I've been using 2.7 for few months now and I'm glad it finally goes official. The concurrent serving of requests really does make a difference: for app that is mostly I/O bound and isn't using a lot of asynchronous RPC, it greatly increases request throughput. For us it not only nullified the pricing change from last Fall, but actually reduced the overall cost, compared to Python 2.5 + previous billing.

Now when it's official, GAE looks like a much more viable and cost-effective platform than it was for the few passing months.


To any AppEngine developers who might see this:

Please, please roll out SSL on custom domains already. It's been just around the corner for years!


Could be that they just can't get enough IPv4 addresses to implement it anymore (at least without sacrificing windows XP compatibility :/)


You can get IPv4 addresses; the going rate is about $1/month/address. Whether Google's infrastructure can handle zillions of custom IPs is a different story.


The interminable private beta is offering SNI based SSL for $10/month and IP based SSL for $100/month.


being able to finally use PIL and lxml on appengine is huge, and 2.7 also goes some way to resolving the billing issues. 2.7 going gold is starting to sway me back towards using appengine again.
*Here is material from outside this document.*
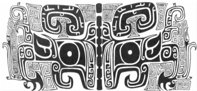
图5 青铜器饕餮纹拓片

的在于为统治政权服务,为统治阶级歌功颂德 [4] 。最典型的代表就是龙、凤及一些祥瑞的造型,这些既是皇家的代表物,同时在装饰上展示出高贵和不可侵犯,并结合了传统的神话故事,体现了统治阶级的地位,因此,在中国漫长的封建社会历史中逐渐形成了这种在传统装饰中的一部分带有浓郁的统治意味的特征。

I'm glad it's gold so I can use more modern libraries again. But the reduced cost thing is not a guarantee. If you do a lot of rpc calls per request, multithreading actually makes latency and instance count absolutely horrible.

Of course this seems kind of ridiculous to me, if you aren't using the rpc's what the heck is your app actually doing?

So like everything, you need to test your application to see what configuration is right for you. For the app I maintain, python2.7 single threaded is only slightly slower than 2.5 but I expect that to improve over time and it was worth switching now just to not have to write for python2.5 anymore.

Costs are higher, but still less than leasing a data center and employing staff to maintain it.